I have make the test on a VM with XP SP3 32 bit, i'll try also on 7 if necessary but i don't think the result will be different
Thanks again

EDIT: Tested on 7 with both 32 and 64 bit executable, same result i can always see the process in the task.

07/04/2014 21:06 KDeluxe#5

The posted AHK script on GitHub doesn't work either (for another reason). Try it with another injection function.

Spoiler

07/04/2014 23:32 2DayNow#6

The AHK script on github work, i have tested it before post. You need to use the correct unicode version based on your architecture:
hxxp://ahkscript.org/download/

Anyway i don't care about that code, the goal is make the injection in a way. Tomorrow i'll test both script and let you know, thanks.

EDIT: No man both script not work :(
I don't have any error but like the previus i can always see the process in the task

P.S. You have forget:

Spoiler

EDIT2: If you need it, this is the original thread:
[Only registered and activated users can see links. Click Here To Register...]
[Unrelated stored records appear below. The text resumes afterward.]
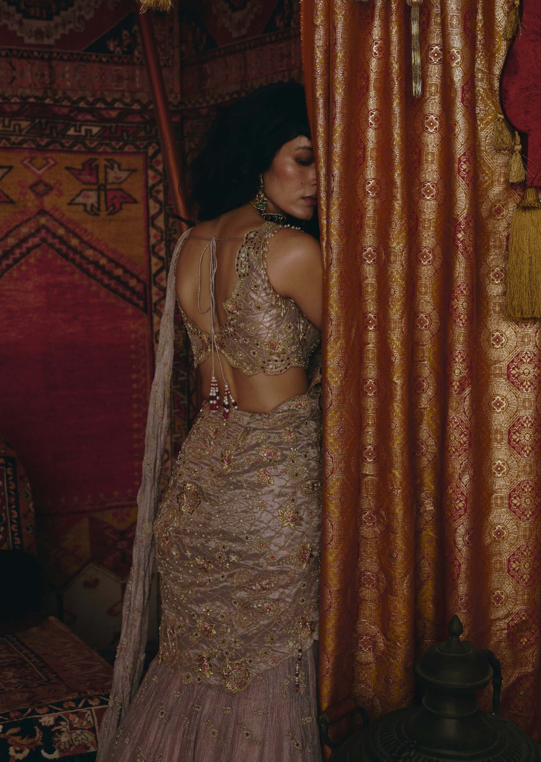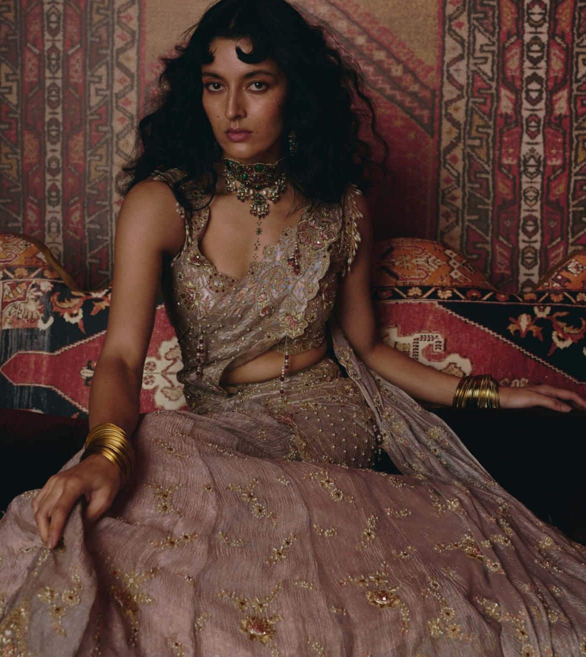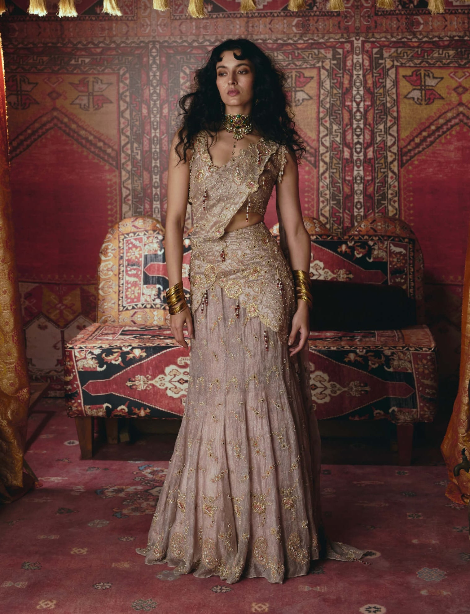 This rose-gold draped saree crafted in crushed tissue exudes soft shimmer and fluid elegance. The richly embroidered design features a kalidar skirt paired with a fully embroidered wrapped drape cascading toward the back. The layered construction adds graceful movement and depth, complemented by a sleeveless pure tissue blouse adorned with floral textures and playful latkans.
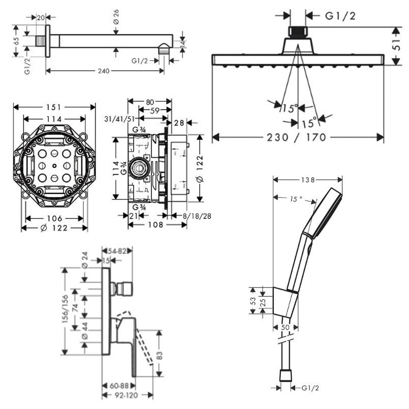 - Diamètre douche de tête (mm): 23
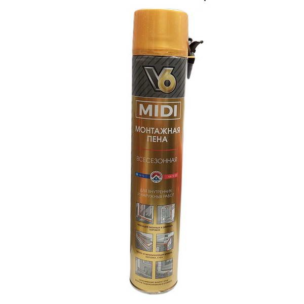 Пена монтажная V6 MIDI 560гр всесезонная бытовая
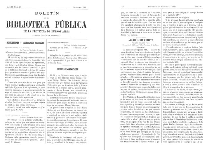 También los apartados para lectura fueron reflejo de los intereses personales e institucionales que orientaban la actividad de Fors. Agrupamos aquí una variedad de textos extensos (de hecho, publicados con frecuencia en más de un número y asociados por referencias de “continuará”, “continuación” o “véase”), de salida diferible y no estrictamente asociados a la vida pública y / o administrativa de la biblioteca. Un conjunto significativo de ellos trató diversos aspectos relativos a la vida y obra de Miguel de Cervantes Saavedra, algo que interesaba muy particularmente al director en su calidad de entusiasta cervantista, distinguido y reconocido por hispanistas de renombre del país e, incluso, por importantes críticos españoles (Fernández, 2005). A excepción de un breve soneto dedicado a Fors y transcripto en el Boletín, el resto de textos cervantinos incluidos correspondieron a la autoría de este último. Artículos críticos, extensos comentarios sobre descubrimientos editoriales, intercambios epistolares entre Fors y otros cervantistas e, incluso, obras del mismo Fors publicadas con anterioridad o posterioridad en otros medios, ocuparon gran cantidad de páginas del órgano bibliotecario. Junto a ellos, otros escritos sobre temas diversos completaban la variedad de lecturas: una mínima selección de las conferencias dominicales que tenían lugar en la biblioteca (luego de que su publicación en volumen aparte fuese discontinuada);6 notas relativas a la ciudad de La Plata y sus progresos; textos que informaban e historiaban sobre desarrollos en el ámbito de la cultura impresa; algún escrito referido a la historia nacional argentina y / o a sus personajes célebres; otros más dedicados a poner en “conocimiento de los trabajos literarios y bibliográficos de valía” (Fors en Boletín, 1904, número 72, p. 209).

07/08/2014 15:01 2DayNow#7

bump?

07/08/2014 18:01 KDeluxe#8

Do you have the source code from the hyde.dll? I looked at the original thread and now I know why an alternative injection method can not work.
The While() loop is not necessary for the last script but it can't work anyway.

... unless you inject the .dll into all processes:

Spoiler

But I don't know how exactly the hyde.dll works, that's the reason why I want to have a look at the source code.

07/08/2014 18:42 2DayNow#9

No i don't have the source ( the link of dropbox is suspended ) but i have make a post in the ahk forum "Broken links" thread, if someone has it i'll post the link here or directly the code in the tags

The only things i know is that use the MHOOK library v2.3:
[Only registered and activated users can see links. Click Here To Register...]

The new version is here:
[Only registered and activated users can see links. Click Here To Register...]

07/29/2014 09:28 2DayNow#10

Finally, someone has post the source and now i get it, see attachment
KDeluxe is all in your hand :D

07/29/2014 11:00 KDeluxe#11

There are a few things that could be changed in the source code, but that's not required. The first script I posted contains two errors, both in the same line.

Quote:

$procAddress = DllCall("Kernel32.dll", "ptr", "GetProcAddress", "ptr", $module, "str", "CBTProc")

The correct line would be:

Code:

$procAddress = DllCall("Kernel32.dll", "ptr", "GetProcAddress", "ptr", $module[0], "str", "CBProc")

Spoiler

07/29/2014 13:10 2DayNow#12

Very nice, finally i see that script working, thanks :D

I have only two last questions for you:
1) Is possible to inject that DLL in another process instead? In any case seems you can only use for 64 Bit executable on x64 system, you can't inject a 32 Bit executable also using hyde.dll and not hyde64.dll on a x64 system. Can you confirm this behavior?
2) Do you know why not work on Windows 8?